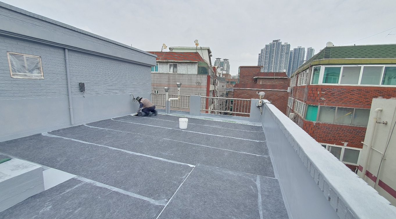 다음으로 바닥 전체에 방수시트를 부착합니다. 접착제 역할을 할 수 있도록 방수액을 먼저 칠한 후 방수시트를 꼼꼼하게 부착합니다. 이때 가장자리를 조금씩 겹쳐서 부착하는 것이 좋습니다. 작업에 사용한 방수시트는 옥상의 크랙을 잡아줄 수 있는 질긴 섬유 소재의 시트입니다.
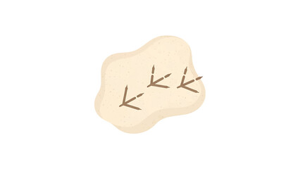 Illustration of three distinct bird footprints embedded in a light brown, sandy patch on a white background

--

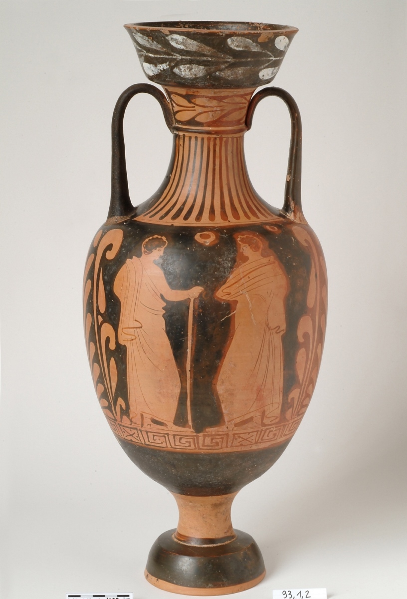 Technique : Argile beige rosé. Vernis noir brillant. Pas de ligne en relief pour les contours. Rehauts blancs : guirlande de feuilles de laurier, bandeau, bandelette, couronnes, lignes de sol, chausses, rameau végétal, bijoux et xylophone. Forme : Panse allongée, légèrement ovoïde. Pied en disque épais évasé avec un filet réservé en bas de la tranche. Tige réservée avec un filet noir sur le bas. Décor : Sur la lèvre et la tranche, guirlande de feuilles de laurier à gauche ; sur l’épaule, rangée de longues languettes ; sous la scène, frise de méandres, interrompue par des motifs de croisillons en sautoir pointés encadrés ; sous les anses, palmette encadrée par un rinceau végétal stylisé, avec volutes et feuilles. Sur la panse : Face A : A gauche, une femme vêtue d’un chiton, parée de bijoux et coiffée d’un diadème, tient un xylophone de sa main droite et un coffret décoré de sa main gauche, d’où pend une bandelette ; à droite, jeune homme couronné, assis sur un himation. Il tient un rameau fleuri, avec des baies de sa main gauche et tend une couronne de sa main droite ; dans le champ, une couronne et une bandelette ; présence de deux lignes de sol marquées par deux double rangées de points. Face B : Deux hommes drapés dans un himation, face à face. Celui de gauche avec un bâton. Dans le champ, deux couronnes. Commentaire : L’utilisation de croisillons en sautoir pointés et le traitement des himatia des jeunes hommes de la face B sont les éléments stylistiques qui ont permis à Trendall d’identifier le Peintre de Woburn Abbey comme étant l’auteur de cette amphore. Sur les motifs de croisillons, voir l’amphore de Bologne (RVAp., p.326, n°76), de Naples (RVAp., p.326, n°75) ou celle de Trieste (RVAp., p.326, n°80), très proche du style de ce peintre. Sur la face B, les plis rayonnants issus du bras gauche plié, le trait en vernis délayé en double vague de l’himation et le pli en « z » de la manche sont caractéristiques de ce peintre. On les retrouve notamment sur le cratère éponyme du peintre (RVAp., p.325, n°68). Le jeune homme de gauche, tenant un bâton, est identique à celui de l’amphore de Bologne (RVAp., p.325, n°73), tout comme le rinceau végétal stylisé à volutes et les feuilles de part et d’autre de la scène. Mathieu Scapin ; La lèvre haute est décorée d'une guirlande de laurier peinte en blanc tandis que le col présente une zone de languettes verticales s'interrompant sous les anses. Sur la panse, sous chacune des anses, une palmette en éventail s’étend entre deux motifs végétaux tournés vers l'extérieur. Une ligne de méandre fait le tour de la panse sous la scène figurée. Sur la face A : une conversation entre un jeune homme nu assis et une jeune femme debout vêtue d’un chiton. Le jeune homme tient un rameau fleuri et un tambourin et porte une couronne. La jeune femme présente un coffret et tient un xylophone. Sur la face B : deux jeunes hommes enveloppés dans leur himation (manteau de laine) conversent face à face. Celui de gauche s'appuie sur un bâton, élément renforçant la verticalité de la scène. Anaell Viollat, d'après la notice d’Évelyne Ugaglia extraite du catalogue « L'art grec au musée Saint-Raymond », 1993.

YOUR INSTRUCTIONS:
Your copy should hold the lines from the one with "다음으로 바닥 전체에" up to and including the one with "Illustration of three", exactly as in the data above, and no pictures.

EXERCISE SOLUTION:
 다음으로 바닥 전체에 방수시트를 부착합니다. 접착제 역할을 할 수 있도록 방수액을 먼저 칠한 후 방수시트를 꼼꼼하게 부착합니다. 이때 가장자리를 조금씩 겹쳐서 부착하는 것이 좋습니다. 작업에 사용한 방수시트는 옥상의 크랙을 잡아줄 수 있는 질긴 섬유 소재의 시트입니다.
 Illustration of three distinct bird footprints embedded in a light brown, sandy patch on a white background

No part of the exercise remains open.